CNN Lab 1: Classification of Human Blood Cells using PyTorch

Classify human blood cell images with PyTorch, progressing from a minimal CNN to an advanced CNN and finally to VGG16.
Author
Affiliation

Christophe Avenel

NBIS

Running on colab

To run this notebook on Google Colab:

  1. Download the notebook from this link.
  2. Go to colab.research.google.com, then File → Open notebook → Upload and select the downloaded file.
  3. Make a copy to your own Google Drive before starting your work, so that your changes are saved.
  4. Download and unzip the data by running the following in a new cell:
Code
!wget https://user.it.uu.se/~chrav452/workshop_NN_DL_cnn_data.zip
!unzip workshop_NN_DL_cnn_data.zip

Classification of Human Blood Cells using Convolutional Neural Networks

For this lab, we use the image set Human White Blood Cells (BBBC045v1) from the Broad Bioimage Benchmark Collection [Ljosa et al., Nature Methods, 2012].

Using fluorescence staining (Label‐Free Identification of White Blood Cells Using Machine Learning (Nassar et. al)), each blood cell has been classified into one of 5 categories:

  • B cells (lymphocytes)
  • T cells (lymphocytes)
  • eosinophils
  • monocytes
  • neutrophils

Blood cell illustration (Wikipedia)

(Illustration from Wikipédia)

Brightfield dataset

For this lab, we only kept Brightfield images and cropped them into small grayscale patches of 32×32 pixels:

Blood cells dataset

These patches are in the data/bloodcells_small/ folder, split into testing and training sets.

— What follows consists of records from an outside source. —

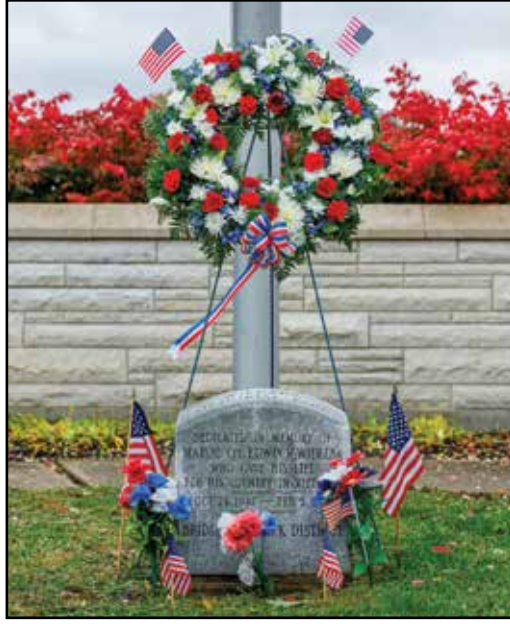
Weirzba Park 78th & Oketo
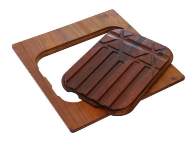
PLANCHE DE DECOUPE DOUBLE IROKO A644 F04
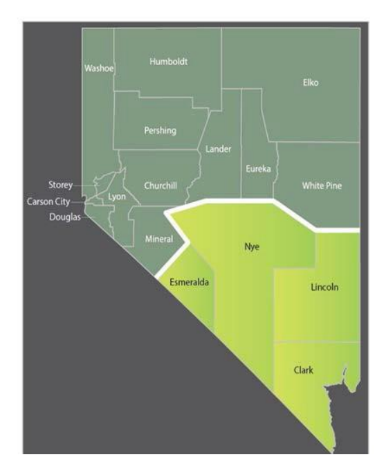
Nevada's Designated Workforce Development Areas (Southern Nevada's Workforce Development Area is highlighted in light green)

This four-year local plan reflects Workforce Connections' (WC) goals and strategies to comply with the the requirements of Workforce Innovation and Opportunity Act (WIOA). It aligns WC's resources with the goals of the Governor's Workforce Development Board in alignment with the Nevada Unified State Plan. This plan ensures alignment of education, career training and workforce development services to achieve targeted objectives. WC's vision of integrating the local area workforce development system in support of Nevada's key industry sectors is highlighted throughout this document. This proposed four-year local plan covers the period of July 1, 2020 through June 30, 2024.
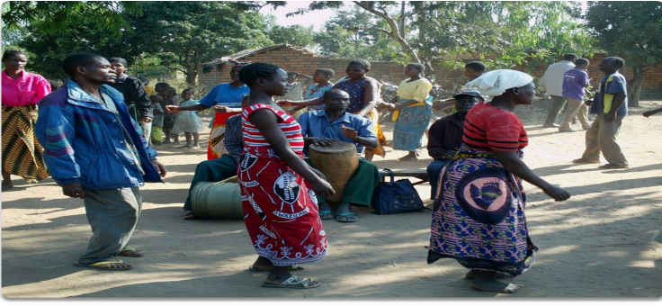
Drama group at awareness campaign
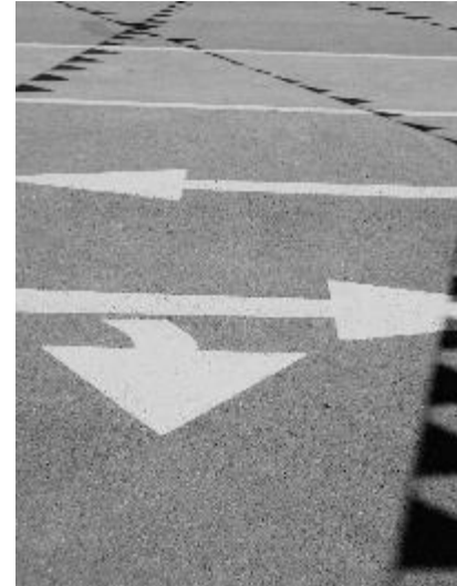
OPTIMUM USE OF PARKING
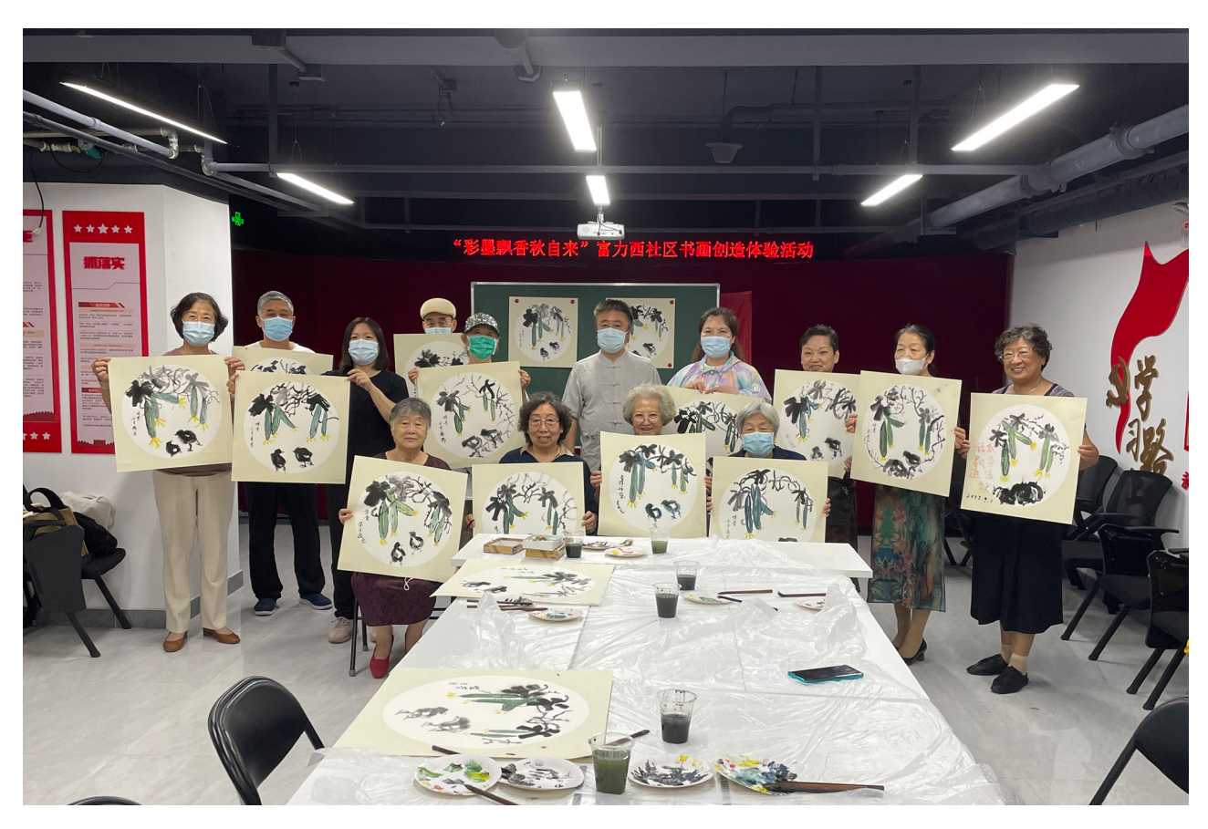
Figure 15: Community Cultural Activities

Shuangjing has carried out extensive residential areas upgrade and renovation for the early-constructed communities with poor living quality and a large number of vulnerable groups by renovating public squares, living and fitness facilities, creating cultural symbols, and greening and upgrading the public green spaces.
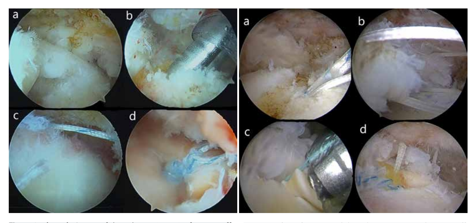
Figure 1a, b, c, d . Images of the arthroscopic repair of rotator cuff tears with single-row technique.

Abbreviations: VAS: Visual Analog Scale; ASES: American Shoulder and Elbow Surgeons Standardized Shoulder Assessment Form. Bold-italic values indicate statistical significance.
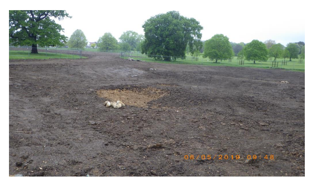
Final shaping of wetland cells with topsoil including formation of bund, deep pools and islands (early May 2019)
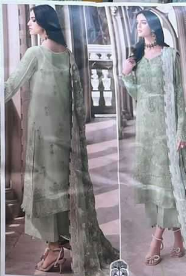
GULAAL HEAVY WITH GEORGETTE Flax Georgette with Embroidery (CA-2-5 Mtr) ZAHARA DANCE BOTTLE
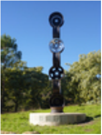
ROLLIN' UP, side view steel 10' x 17" x 17" $9000.00 2019
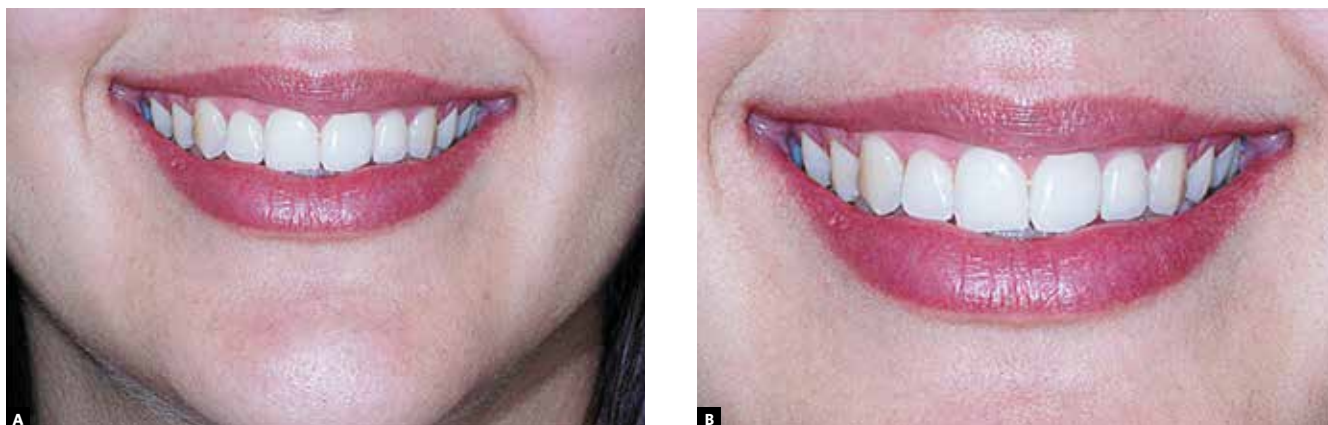
Figure 1 - Photograph cropping. A) Original photograph. B) Photograph after cropping, reducing the area to be evaluated.

Using the Adobe Photoshop 9.0 software, six vertical lines were projected on the images of the smiles and positioned on the outer commissures, distal of upper canines and on the distal of last visible upper
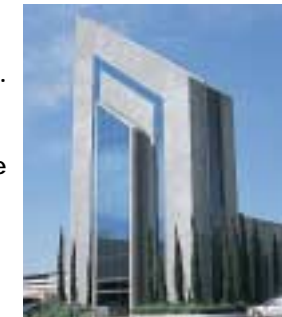
The plant's test tower is a stylish piece of architecture.

In addition to high-quality manufacturing, the company is also highly acclaimed for its excellent installation, maintenance and after-sales service.
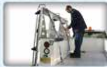
Pick-Up Mounting Straps
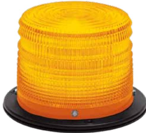
4" model shown
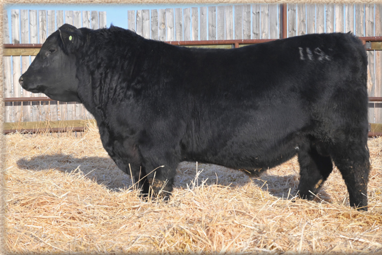
LOT 49 - BEAR CREEK WINDY 119J

We used 119J on a group of young cows, because without doubt he offers a ton of genetic potential. He's incredibly long and easy fleshing with a low birthweight that should calve heifers. If we showed cattle, his mother would certainly be one we would hang a halter on. She's a picture of an angus cow and certainly proved it by swinging for the fence on her first calf, producing a calf that weighed 692lbs adjusted weight. There's a lot of our program in his pedigree, the maternal grandsire I raised, and was a great bull, stout and easy fleshing with rock solid feet under him but we lost him to an injury. He comes from Stoney and 26T dam, which were instrumental in our program for years. His grandmother is a Jackson daughter, who was a tank, but sold because she came up open, but his great grandmother is 100B who has another top bull in the pen and is a consistent top producing cow. There's phenotype and pedigree to back up this bull, he definitely needs to be considered for your next herdsire.
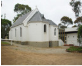
ST JAMES THE LESS ANGLICAN CHURCH SOHE 2008
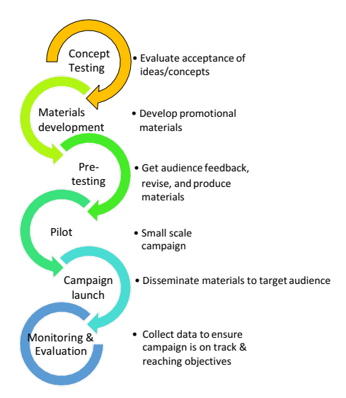
Figure 3. Implementation flowchart

Each country will adapt a work plan (also known as an implementation plan) to its specific needs and develop an individualized work plan and timeline based on the national context and priorities. The implementation/activity flow chart (pictured below) should be used as the basis for the campaign development. Note that this chart begins with concept testing since countries have already conducted a formative assessment, synthesized findings, and agreed upon creative concepts for testing.
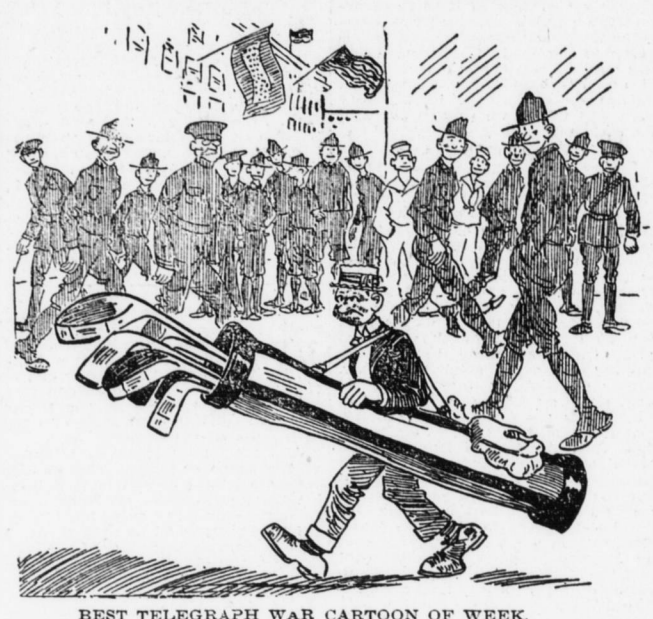
BEST TELEGRAPH WAR CARTOON OF WEEK.
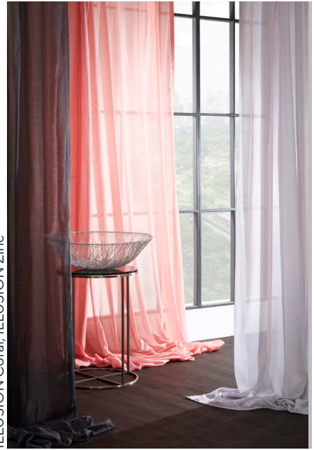
Curtains: ILLUSION Anthracite, ILLUSION Coral, ILLUSION Zinc
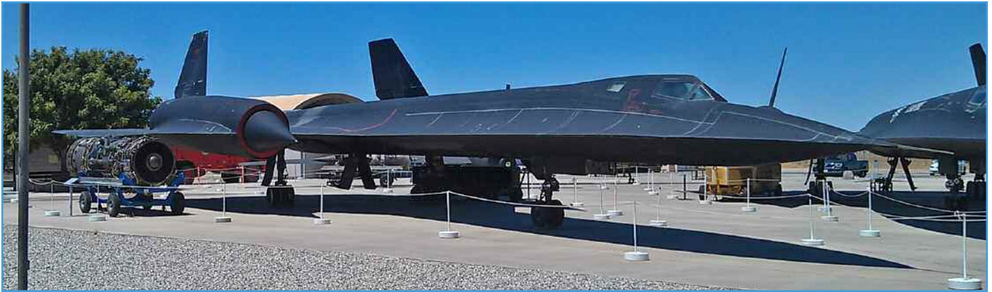
Above: The SR-71A.
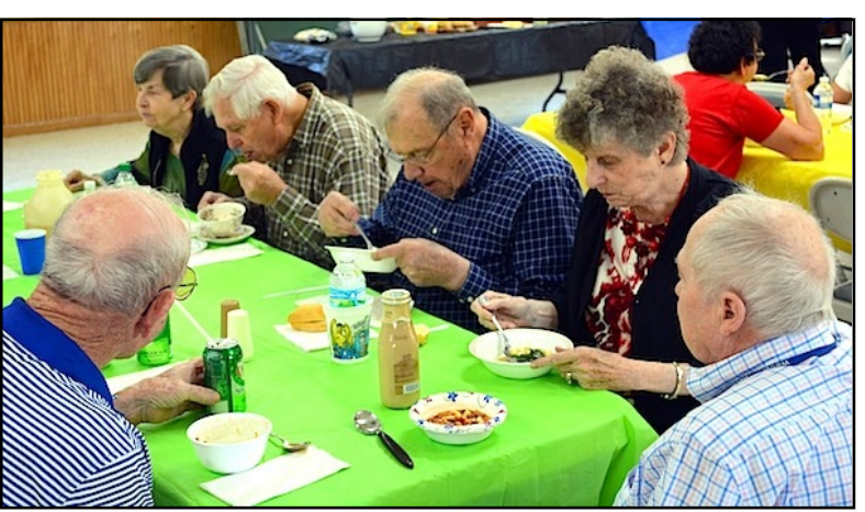
This is a picture of Soup Concentrate.
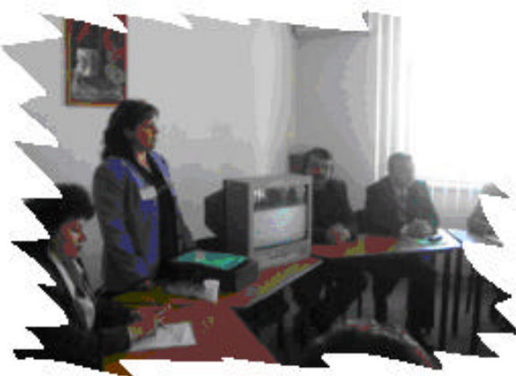
Constanta – Ialomita
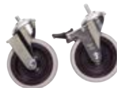
Castor Wheel Set #97692
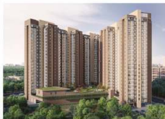
Nakshatra Aazstha, Vasai (E) Maha Rera Reg. No.: P99000051584
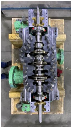
RECONDITIONED ELEMENT IN CASING
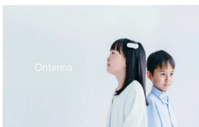
Ontenna in use

Fujitsu is working on the development and deployment of Ontenna, a product that enables the hearing impaired to feel sound through vibration and light. Ontenna is a user-interface device that can be worn on the hair, earlobe, collar, cuff, etc., and allows the wearer to pick up tonal characteristics through vibration and light. Ontenna is now provided free of charge to around 80% of schools for the deaf, where it is used in speech and rhythm practice. Fujitsu has also developed a user-programmable application for use in schools for the deaf and other educational institutions around Japan, allowing children to easily customize the intensity of Ontenna's vibration and the color of the light according to the volume of the sound for the desired reaction. Fujitsu was able to create a high-quality educational solution that could not be achieved simply with conventional ICT education, making it possible for the hearing impaired to experience a new world of sound. Fujitsu is also helping to facilitate an understanding of diversity in society by making it possible for more people to experience Ontenna through free lending and program rental at schools and educational institutions interested in programming training using this device.
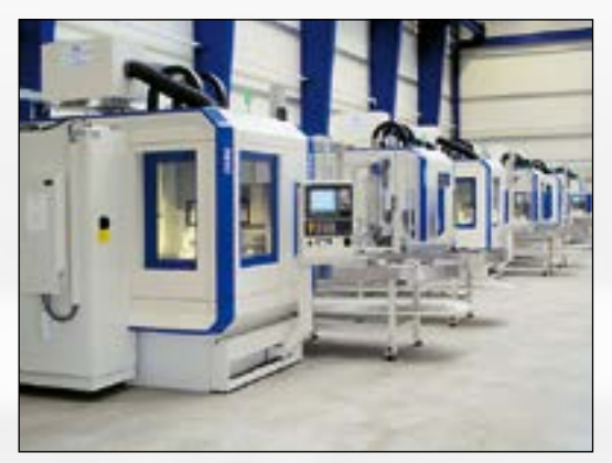
10 DS 250 machines with oval storage, lined up in pairs, for semiautomatic machining of gear wheels for commercial vehicles before and after heat-treating
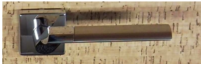
DAFNE-RQ86 NO (Z)
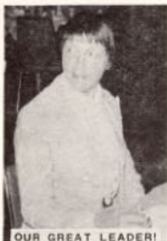
OUR GREAT LEADER!

In each set, images are split according to their categories:

└── data
    └── bloodcells_small
        ├── test
        │   ├── B
        │   ├── T
        │   ├── eosinophil
        │   ├── monocyte
        │   └── neutrophil
        └── train
            ├── B
            ├── T
            ├── eosinophil
            ├── monocyte
            └── neutrophil

Our goal is to use convolutional neural networks to automatically classify blood cells into one of the five categories, using only the 32×32 pixels brightfield images.

Setup

Code
import random
import itertools
from typing import Optional
from collections import Counter

import numpy as np
import matplotlib.pyplot as plt
import plotly.graph_objects as go

import torch
import torch.nn as nn
import torch.optim as optim
from torch.utils.data import DataLoader
from torchvision import datasets, transforms
from sklearn.metrics import confusion_matrix

# Check for GPU
device = torch.device('cuda') if torch.cuda.is_available() else torch.device('cpu')
print(f"Using device: {device}")

Loading the data

We use ImageFolder and DataLoader to create loaders for the training and testing datasets. ImageFolder reads the class of each image from the directory structure.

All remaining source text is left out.